Fast expanding SME businesses are likely to be among the hardest hit by the negative effects of Brexit.
A new study by academics at St Andrews University has found Brexit uncertainty is likely to lead to a fall in capital investment, reduced access for businesses to external finance and lower levels of economic growth.
The research also flagged a potential reduction in new product development and a drop in the number of companies seeking to expand their trading horizons overseas.
“The results of our analysis suggest that Brexit-related concerns could result in a range of negative consequences for UK SMEs, especially the impact on reduced capital investment, which critically weakens and undermines their ability to grow and prosper,” Dr Ross Brown, reader in entrepreneurship and small business finance, said.
The study – a joint work with Professor John Wilson at the university’s Centre for Responsible Banking and Finance and Dr José Liñares Zegarra of the University of Essex – drew upon detailed analysis of the responses made by around 10,000 firms to Brexit-related questions inserted into the UK Government’s Longitudinal Small Business Survey following the 2016 exit vote.
From their research, the paper’s authors flagged the particularly significant potential impact of Brexit on high growth potential SME businesses.
It also found that larger exporters, technology firms and the service sector were most likely to be affected.
“Most worryingly, these perceived negative impacts appear to be foremost in the minds of entrepreneurs and managers located in the types of innovative and export-oriented companies, which are often viewed as the high growth ‘superstars’ of tomorrow,” Dr Brown said.

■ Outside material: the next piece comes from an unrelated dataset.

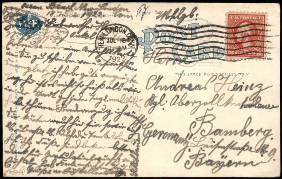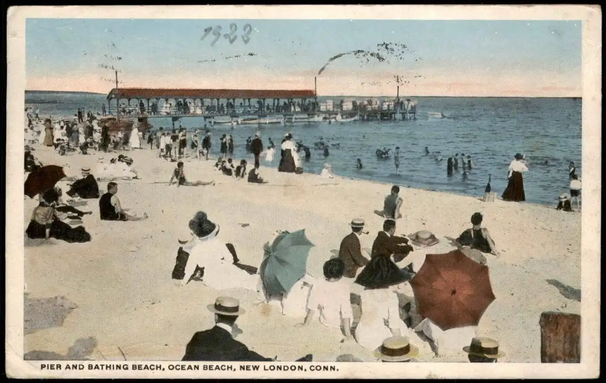 Postcard New London Pier and Bathing Ocean Beach 1922 USA
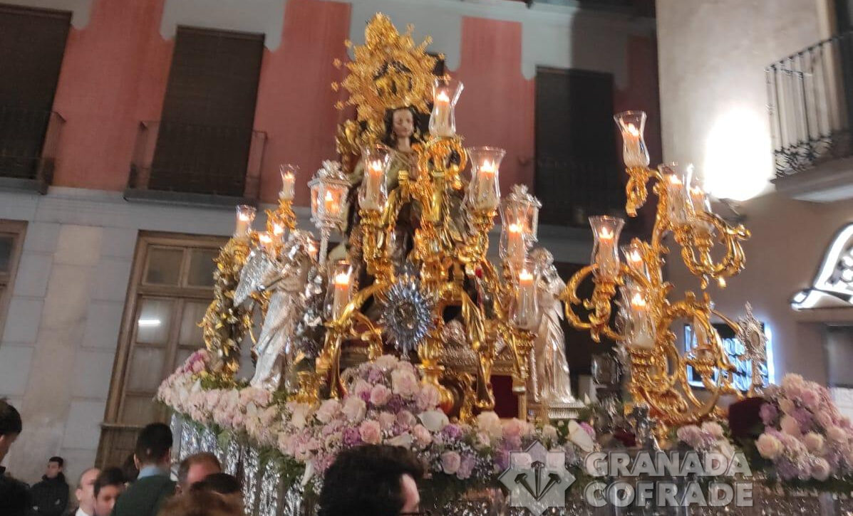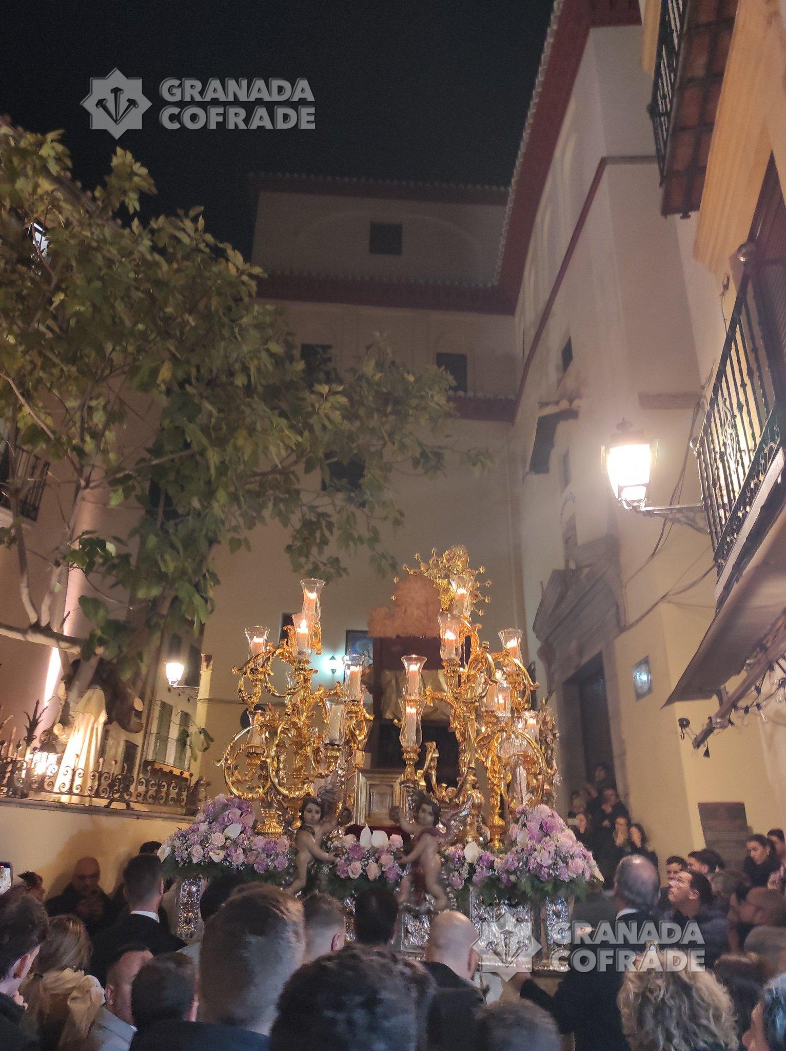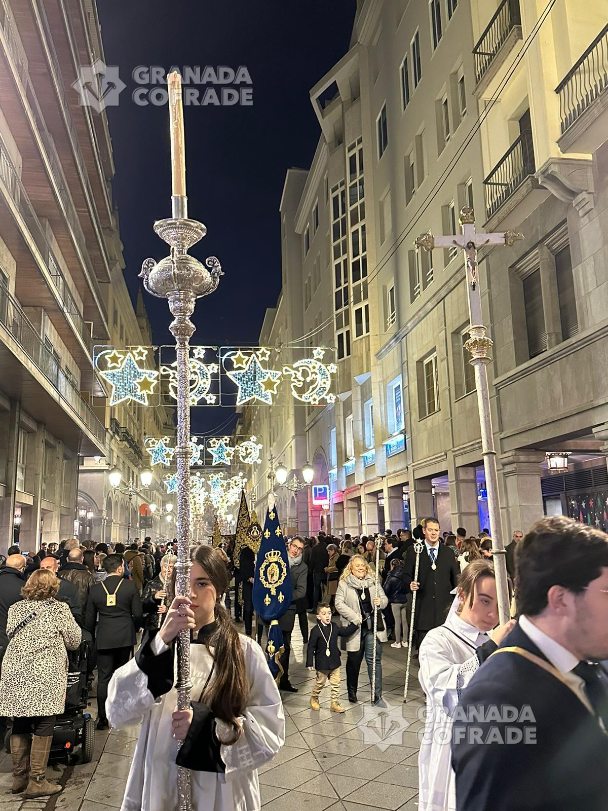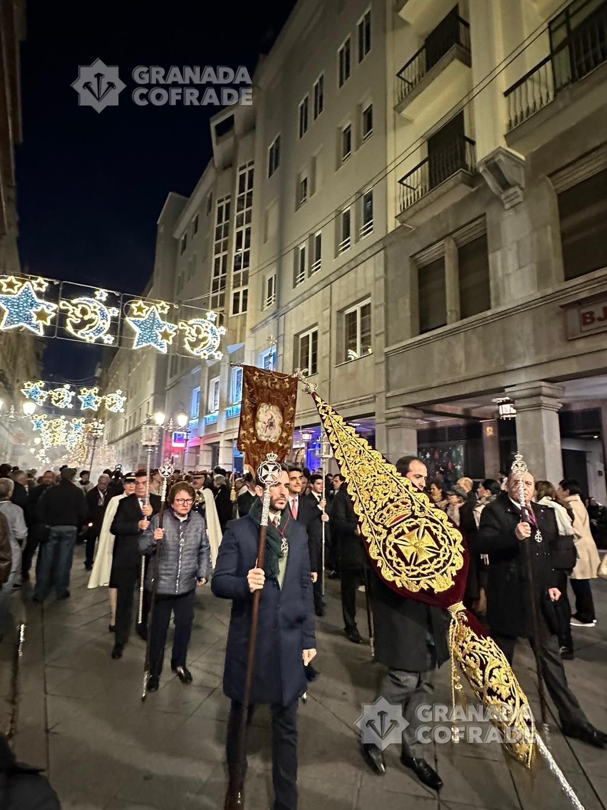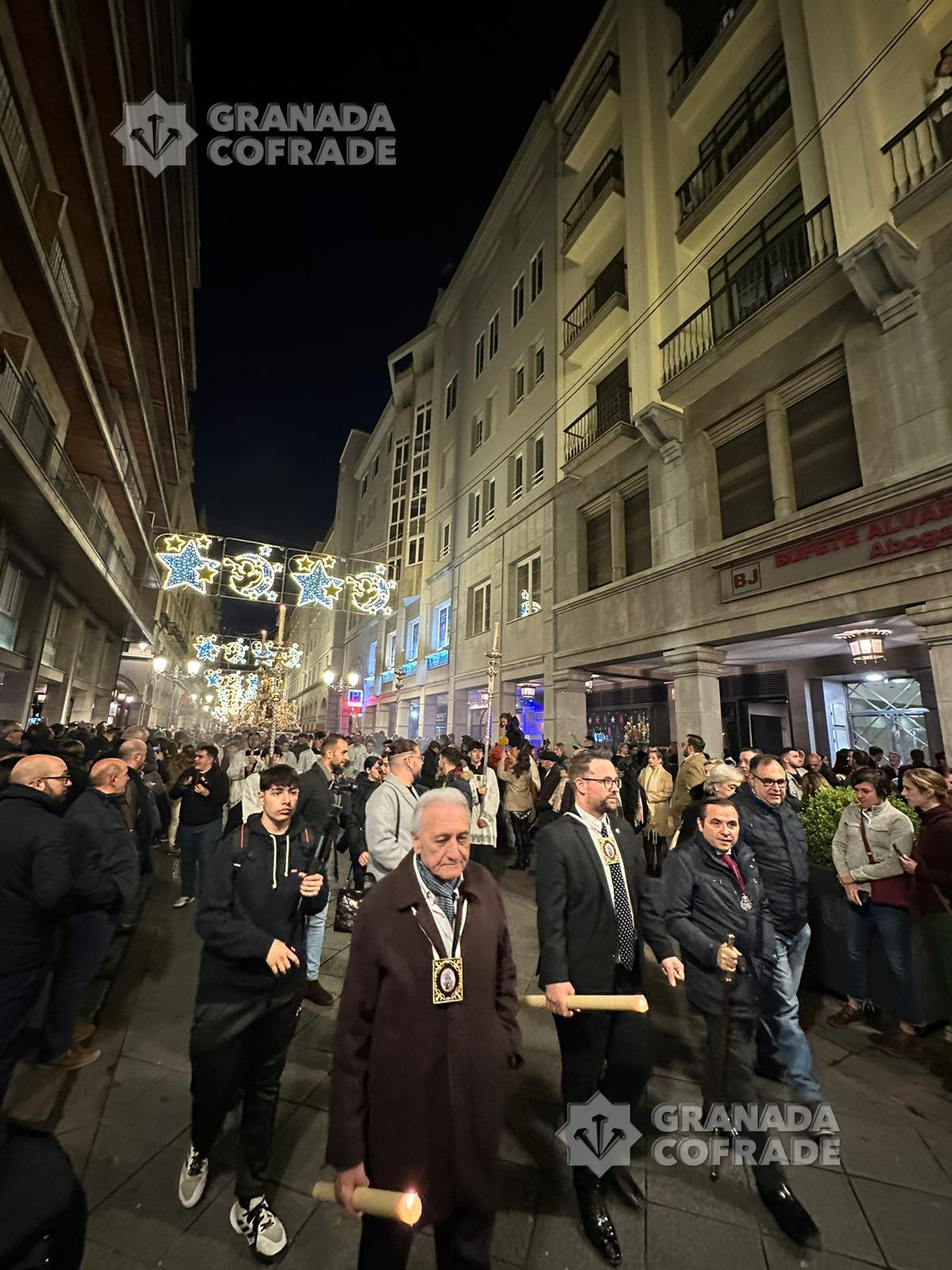 Con el acompañamiento de la banda Ciudad de Atarfe la imagen de la Gran Madre, Nuestra Señora del Carmen, regreso a su sede, después de haber presidido la Vigilia de la Inmaculada y la Eucaristía de la solemnidad de la Inmaculada Concepción en la Catedral de Granada. Un cortejo que se vio acompañado por la cofradía del Santo Vía Crucis, la decana de Granada, junto con la de la Oración en el Huerto, María Auxiliadora de la Alhambra y la de Nuestra Señora de la Cabeza.

“In other words, SMEs thought to be the most significant for boosting productivity and economic growth may be the most negatively affected by Brexit.”
The research discovered that concerns about Brexit are not felt uniformly across the population of UK SMEs.
“There appears to be a deep-seated uncertainty permeating UK small businesses about the ramifications of Brexit,” Dr Brown continued.
“Owing to its highly complex, contested and indeterminate nature, Brexit is unlike most other types of institutional instability because it has the potential to fundamentally re-write the rulebook for how firms do business in the UK.”
SMEs in Scotland and Northern Ireland were more negative on Brexit than those in England and Wales.